Transcribe the entries below exactly, starting with the line that has "體育館:2月9日上午正常開放" and stopping after the line that has "回力牛仔外套女士2025春秋新款BF风美式复古设计感宽松ins潮上衣"; no pictures belong in the copy.

# AVAILABLE DATA:

____________

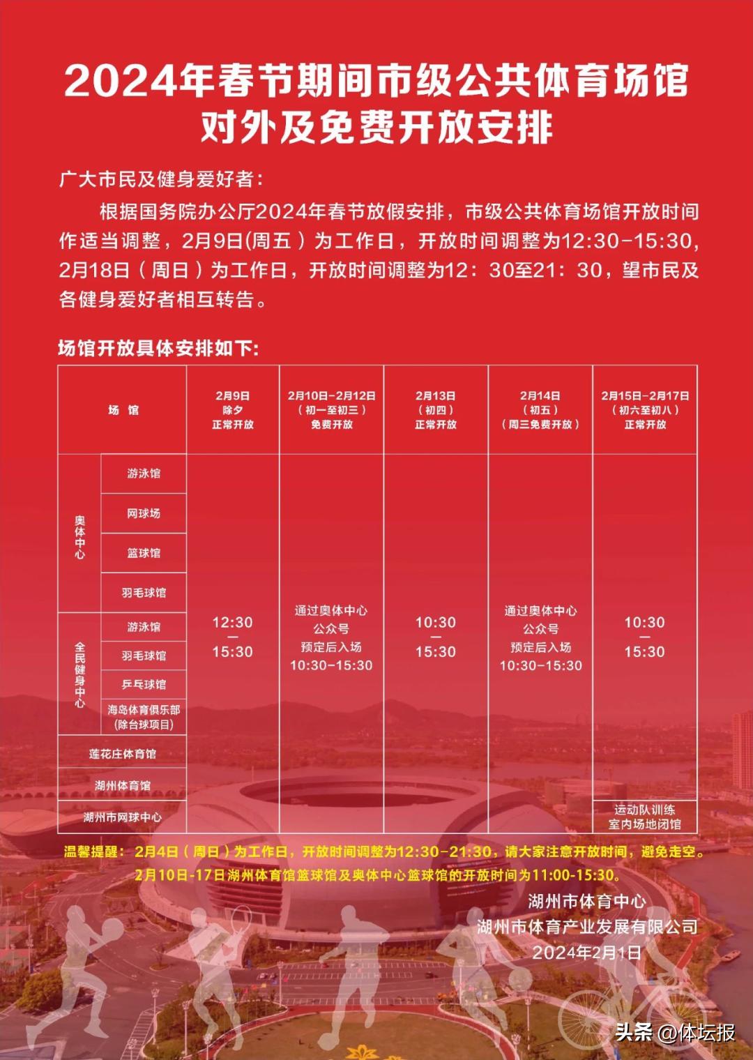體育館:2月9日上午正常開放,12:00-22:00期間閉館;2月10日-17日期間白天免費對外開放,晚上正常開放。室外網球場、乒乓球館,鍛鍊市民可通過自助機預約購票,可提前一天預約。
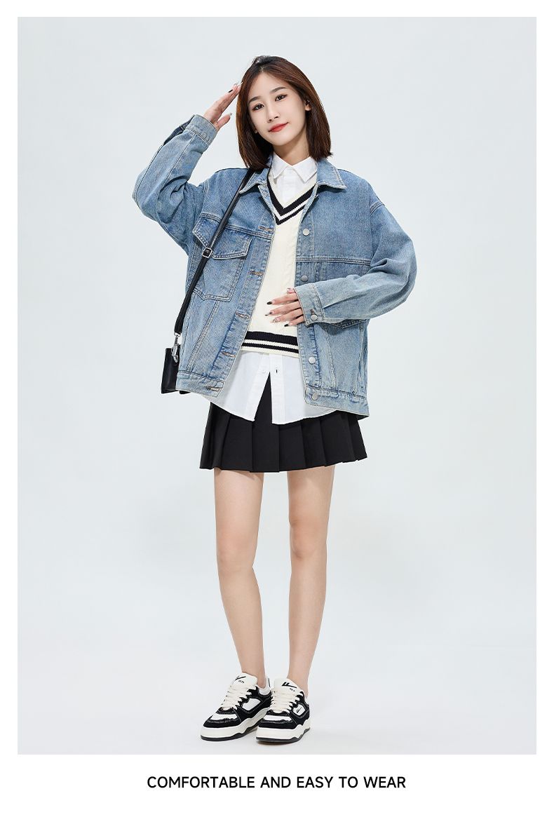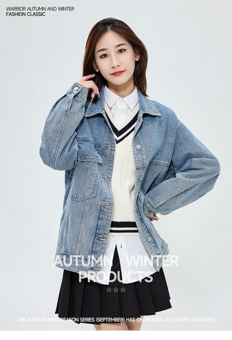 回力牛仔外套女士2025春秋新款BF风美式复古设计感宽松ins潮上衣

____________

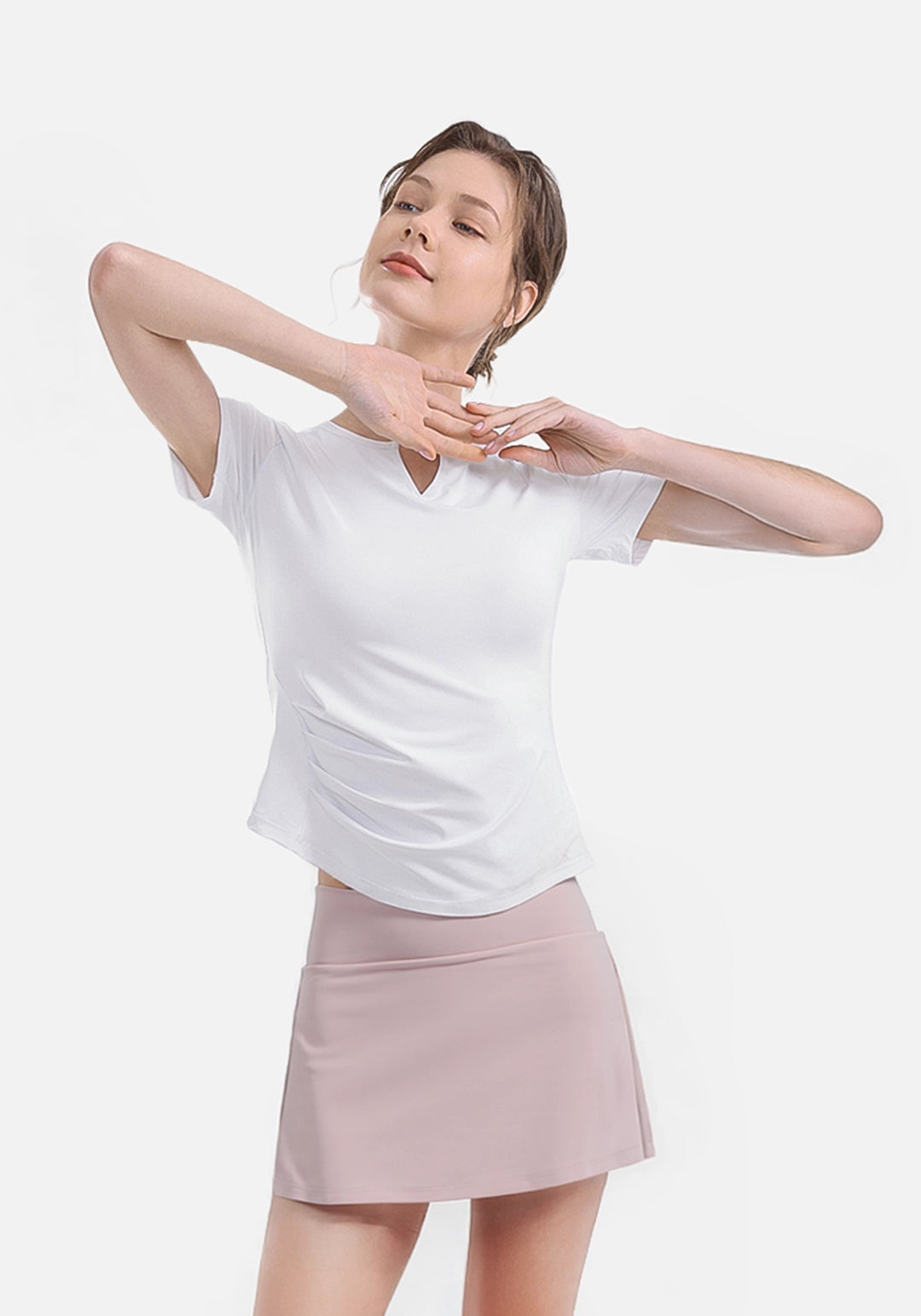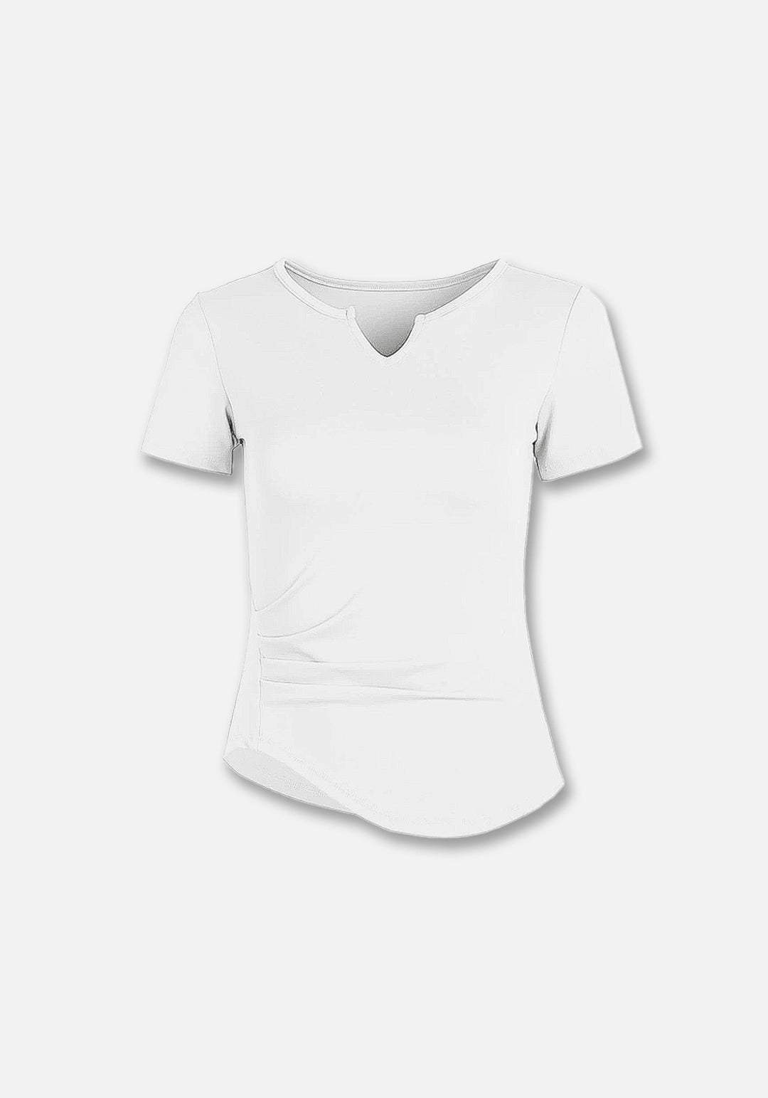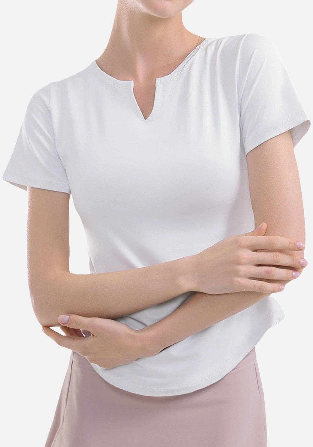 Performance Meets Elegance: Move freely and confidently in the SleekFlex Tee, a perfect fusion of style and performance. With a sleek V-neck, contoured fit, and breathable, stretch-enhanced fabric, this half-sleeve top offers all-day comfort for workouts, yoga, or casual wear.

____________

# FINISHED EXERCISE:
體育館:2月9日上午正常開放,12:00-22:00期間閉館;2月10日-17日期間白天免費對外開放,晚上正常開放。室外網球場、乒乓球館,鍛鍊市民可通過自助機預約購票,可提前一天預約。
 回力牛仔外套女士2025春秋新款BF风美式复古设计感宽松ins潮上衣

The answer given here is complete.